Campaign for yuan’s recognition
The recent signing of the memorandum of understanding between the Bangko Sentral ng Pilipinas and some of the country’s biggest banks for the establishment of a Philippine peso-Chinese yuan (or renminbi) spot trading market is proof of China’s financial clout in the Asian region.
Through that facility, the conversion of the peso and yuan to each other’s currency can be done without first being converted to their equivalent in US dollars.
The spot market will make transactions between the two countries faster, cheaper and more efficient because the friction costs arising when foreign currencies are valued against each other are eliminated.
This arrangement will be a boon to local banks that handle financial transactions between Philippine companies engaged in export-import and other businesses with Chinese companies.
With the initiation of the peso-yuan spot market, the Philippines joins a list of countries that have entered into similar arrangements with China.
These countries are either recipients of huge financial grants from China, or are heavy borrowers of Chinese financial institutions, or are major trading partners of Chinese companies.
Under these circumstances, it makes good business sense for the concerned countries to eliminate the intermediary step of US dollar conversion in determining the value of their respective currencies.
For China, however, the business efficiency factor in these arrangements does not appear to be the end-all; it’s merely secondary to its unabashed ambition to make the yuan a major currency for world trade.
Despite China being the second largest economy in the world, the yuan does not enjoy the status of a global or reserve currency—the money countries or people would like to have in their coffers for international transaction or foreign exchange reserve purposes.
In the foreign exchange market, that standing is enjoyed, in the order of their tradability and acceptance, by the US dollar, euro, Japanese yen, British pound, Canadian dollar and Swiss franc.
Although in 2016 the International Monetary Fund included the yuan in its basket of currencies for determining special drawing rights (or currencies recognized as part of member countries’ official foreign exchange reserves), China’s currency has a long way to go before it gains acceptance as an international reserve currency.
In the Philippines, if given a choice, the ordinary overseas Filipino worker would, after the currency of the country where he or she is working, probably prefer to keep his or her earnings in US dollars, euro or Japanese yen rather than the unknown yuan.
The slow (if not difficult) recognition of the yuan as a reserve currency has been attributed by some international financial analysts to the lack of transparency in China.
For international investors, transparency in key financial data and its sources, including government economic policies, is essential in determining if the declared worth of a country’s currency can be trusted or the statistics on which that value rests are genuine and not falsified.
Note that the countries whose currencies are actively traded in foreign exchange markets are democratic and promote, among others, the free exchange of information among their citizens.
That’s not the case with China.

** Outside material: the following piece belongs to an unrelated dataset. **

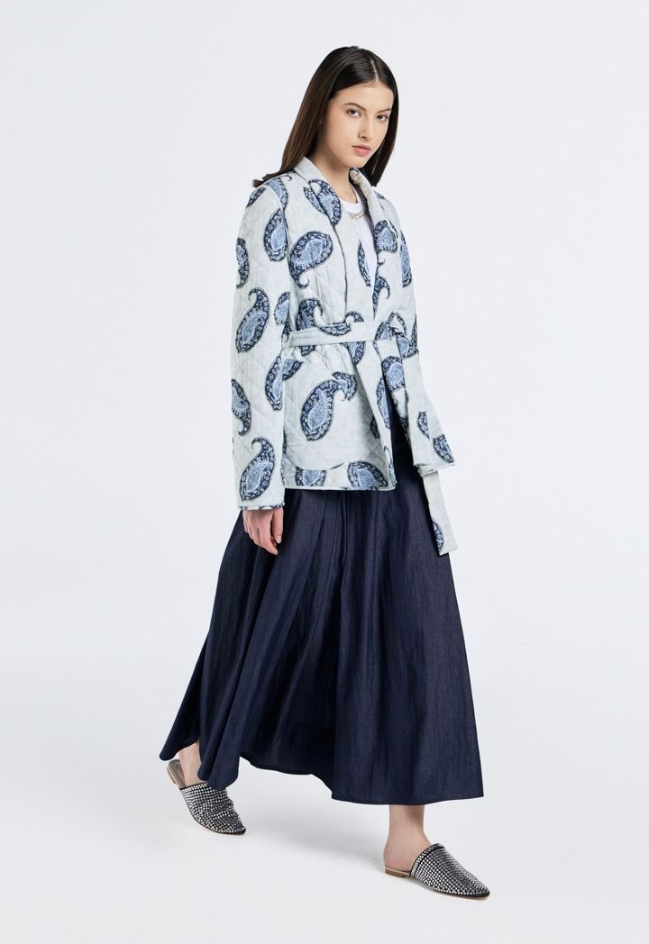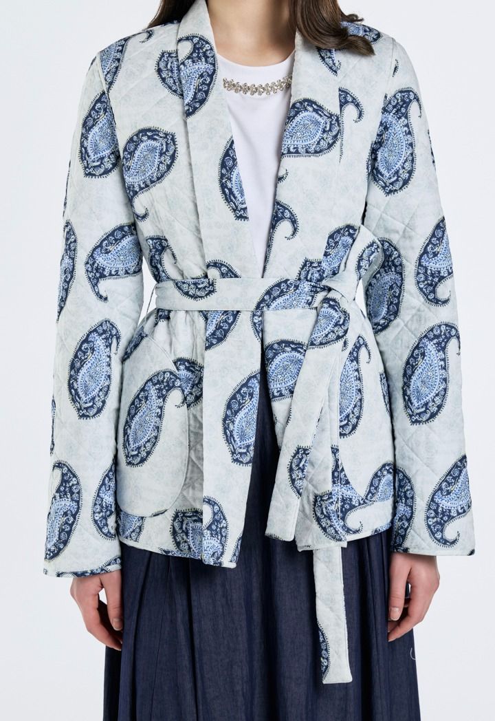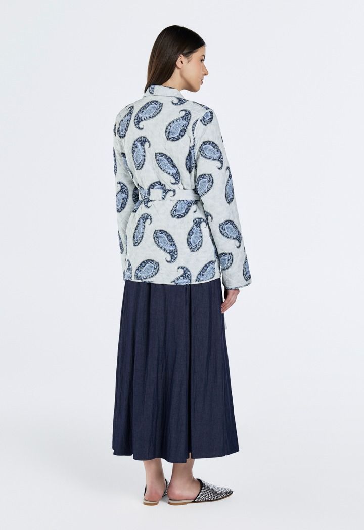Design: Paisley Print, Belted, Double-Faced, Side Pockets

Its Communist Party governs with an iron hand and controls the kind of information that can be shared with its citizens or the international community.
Without any means of independently verifying the veracity of China’s financial reports, the international financial community has no choice but take them at their face value and make investment decisions on that basis. And that is not exactly comforting.
By agreeing to the direct conversion of the peso to the yuan, and vice versa, the Philippines is, in effect, sending the message to the international financial community that the yuan is trustworthy and worth its declared value vis-à-vis the peso.
Only time and China’s future actions will tell if the yuan will accomplish its objective to be recognized as a global or reserve currency.